● **EXERCISE GOAL**: Below are some records. Print exactly the lines between the one holding "- 1x Funda de" and the one holding "Без гарнитуры для", inclusive, and nothing else.

● **SUPPLIED MATERIAL**:
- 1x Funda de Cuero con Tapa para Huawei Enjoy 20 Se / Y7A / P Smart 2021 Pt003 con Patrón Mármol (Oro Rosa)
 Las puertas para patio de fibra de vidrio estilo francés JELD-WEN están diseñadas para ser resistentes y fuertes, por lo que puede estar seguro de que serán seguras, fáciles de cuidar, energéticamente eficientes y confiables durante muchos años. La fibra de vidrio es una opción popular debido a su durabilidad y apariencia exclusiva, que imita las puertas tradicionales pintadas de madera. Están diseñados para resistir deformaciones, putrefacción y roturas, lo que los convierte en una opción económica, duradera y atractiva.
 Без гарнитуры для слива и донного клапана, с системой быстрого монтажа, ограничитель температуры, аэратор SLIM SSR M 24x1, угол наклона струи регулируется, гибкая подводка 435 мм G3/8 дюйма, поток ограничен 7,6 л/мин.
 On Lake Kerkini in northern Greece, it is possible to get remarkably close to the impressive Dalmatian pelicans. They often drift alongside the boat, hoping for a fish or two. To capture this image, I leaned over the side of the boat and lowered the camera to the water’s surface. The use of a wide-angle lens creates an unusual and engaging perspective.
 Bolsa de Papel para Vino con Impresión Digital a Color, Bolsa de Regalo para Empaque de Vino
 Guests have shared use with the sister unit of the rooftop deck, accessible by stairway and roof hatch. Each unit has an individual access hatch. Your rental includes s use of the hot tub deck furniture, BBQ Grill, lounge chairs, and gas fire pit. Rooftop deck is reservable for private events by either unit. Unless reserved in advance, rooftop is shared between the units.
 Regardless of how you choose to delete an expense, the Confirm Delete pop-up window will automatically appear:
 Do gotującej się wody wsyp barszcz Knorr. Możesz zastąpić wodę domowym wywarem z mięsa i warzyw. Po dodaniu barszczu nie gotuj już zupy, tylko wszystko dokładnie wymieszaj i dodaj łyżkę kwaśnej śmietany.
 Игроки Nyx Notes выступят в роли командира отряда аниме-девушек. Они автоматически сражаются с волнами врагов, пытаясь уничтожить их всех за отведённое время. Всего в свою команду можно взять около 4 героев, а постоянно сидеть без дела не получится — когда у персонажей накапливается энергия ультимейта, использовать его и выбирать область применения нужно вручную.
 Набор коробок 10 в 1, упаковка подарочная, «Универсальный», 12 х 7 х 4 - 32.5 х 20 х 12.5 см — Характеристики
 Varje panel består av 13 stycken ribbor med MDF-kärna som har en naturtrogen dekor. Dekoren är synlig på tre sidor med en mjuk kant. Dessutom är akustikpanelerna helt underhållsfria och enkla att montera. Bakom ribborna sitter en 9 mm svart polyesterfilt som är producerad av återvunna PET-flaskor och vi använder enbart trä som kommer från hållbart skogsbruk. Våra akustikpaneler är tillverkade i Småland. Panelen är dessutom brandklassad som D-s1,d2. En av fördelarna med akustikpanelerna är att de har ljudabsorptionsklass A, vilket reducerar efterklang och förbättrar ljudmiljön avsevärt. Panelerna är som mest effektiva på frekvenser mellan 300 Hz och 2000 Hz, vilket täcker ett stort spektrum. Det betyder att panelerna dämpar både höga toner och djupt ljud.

...

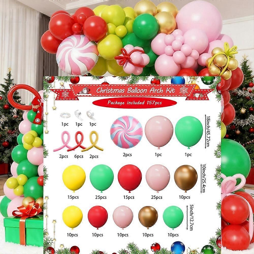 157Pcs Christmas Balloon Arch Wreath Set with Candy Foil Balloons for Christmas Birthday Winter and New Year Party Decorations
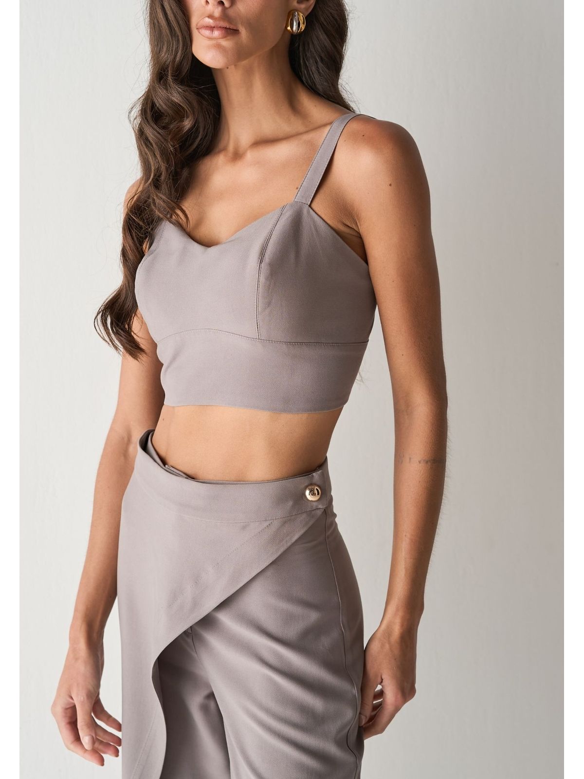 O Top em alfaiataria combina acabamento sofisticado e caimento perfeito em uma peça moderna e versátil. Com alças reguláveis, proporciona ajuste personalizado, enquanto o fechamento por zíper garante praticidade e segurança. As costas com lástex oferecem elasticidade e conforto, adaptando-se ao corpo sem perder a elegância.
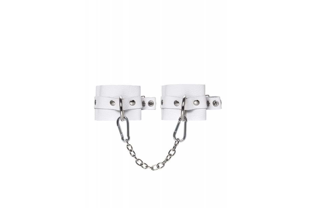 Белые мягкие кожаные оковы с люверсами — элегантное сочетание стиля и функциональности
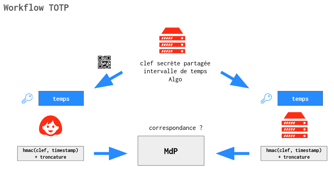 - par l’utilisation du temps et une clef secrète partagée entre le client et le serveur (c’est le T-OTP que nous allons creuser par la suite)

--

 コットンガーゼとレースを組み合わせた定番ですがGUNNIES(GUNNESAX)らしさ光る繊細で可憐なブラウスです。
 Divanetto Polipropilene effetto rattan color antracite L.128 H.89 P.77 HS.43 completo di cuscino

● **REPLY**:
- 1x Funda de Cuero con Tapa para Huawei Enjoy 20 Se / Y7A / P Smart 2021 Pt003 con Patrón Mármol (Oro Rosa)
 Las puertas para patio de fibra de vidrio estilo francés JELD-WEN están diseñadas para ser resistentes y fuertes, por lo que puede estar seguro de que serán seguras, fáciles de cuidar, energéticamente eficientes y confiables durante muchos años. La fibra de vidrio es una opción popular debido a su durabilidad y apariencia exclusiva, que imita las puertas tradicionales pintadas de madera. Están diseñados para resistir deformaciones, putrefacción y roturas, lo que los convierte en una opción económica, duradera y atractiva.
 Без гарнитуры для слива и донного клапана, с системой быстрого монтажа, ограничитель температуры, аэратор SLIM SSR M 24x1, угол наклона струи регулируется, гибкая подводка 435 мм G3/8 дюйма, поток ограничен 7,6 л/мин.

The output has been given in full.